Truman’s style is contrasted with FDR’s. He came into the presidency totally unprepared, but I suspect he did a better job than Roosevelt would have. Roosevelt was too willing to acquiesce to Stalin, whereas Truman stood firm.
One huge difference between Truman and his predecessor was how they dealt with their cabinets. Roosevelt enjoyed causing discord among the cabinet members and watching them bicker. How can you efficiently run a government that way? Truman surrounded himself with a team that would work together.

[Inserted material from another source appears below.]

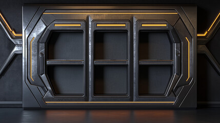 Futuristic sci fi wall panel with glowing orange lights, metallic texture, and geometric compartments in a dark industrial setting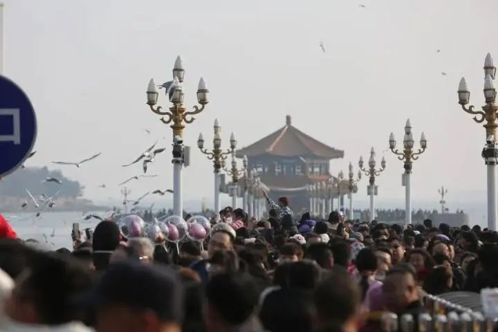 青島 2月10日大年初一,青島知名景點棧橋,人擠得是里三層外三層,有網友戲稱:“去年的今天我還有站在棧橋上被人踩掉鞋的權利,今年只能站在老遠乾瞪眼了。”

He didn’t ramble on at meetings as FDR had, but got to the point and moved on, to the astonishment of the cabinet members.

Truman didn’t have the formal education expected of a president, but he was widely read, and his very ordinariness is what made him great.

Wednesday, November 22, 2017

Ford Survives Typhoon

My short story, “Typhoon Prompting,” part of The Hope of Christmas, takes place during Typhoon Cobra. The navy’s Pacific combat fleet was caught in a storm that capsized three destroyers. One of them, the Spence, was featured in Wheresoever They May Be.
Among the ships battling the storm was the Monterey, a light aircraft carrier. Among the Monterey’s crew was a young lieutenant, Gerald R. Ford.

Gerald Ford, the jumper on the left, plays basketball on the Monterey's hangar deck.

Ford was one of ten gunnery officers and also served as the ship’s athletic director. During the typhoon, the ship rolled twenty-five degrees, causing him to fall and slide the full width of the flight deck. He managed to catch the two-inch metal rim around the deck with his foot, breaking his momentum and allowing him to land on the narrow catwalk just below the deck.
The airplanes on the Monterey’s flight deck broke loose as the ship pitched and heaved, and were swept overboard. Planes on the hangar deck crashed into each other. Fire broke out. The men raced to drag bombs and torpedoes out of harm’s way and dump them overboard. Smoke funneled into the engine and boiler rooms, forcing crewmen to flee or be asphyxiated. Three of four boilers stopped, and the ship was in danger of losing power.

The USS Monterey rolls in the typhoon.

Admiral Halsey ordered them to abandon ship, and ordered nearby cruisers and destroyers to pick up survivors, no easy task in a typhoon. The men of Monterey fought the fires for forty minutes and saved their ship. Three men died, forty were injured, ten critically, and all their planes were lost.
One of the survivors was Gerald Ford. Had he gone overboard, it is extremely doubtful we would have had a President Ford.

Releasing on Nov. 24, The Hope of Chrismas

Wednesday, November 15, 2017

Say What?

In my role as a genre coordinator in the ACFW First Impressions contest, I check judges’ comments to make sure they don’t promote their own books or make disparaging comments. One comment caught my eye. The entrant used too many big words. Try writing at the fourth grade level.
I remembered that when I did final edits for The Hope of Christmas, the soon-to-be-released collection of historical Christmas short stories. An editor didn’t know the meaning of opined in my story, “Typhoon Prompting.”
Do you know what “opine” means?
I wrestled with that all weekend. I like the word. Otherwise I wouldn’t have used it. But the judge’s remark kept coming back to me. Readers don’t want to hold a book in one hand and a dictionary in the other. What to do?
Early Monday morning, before submitting my edited manuscript, I listened to the judge and changed the word.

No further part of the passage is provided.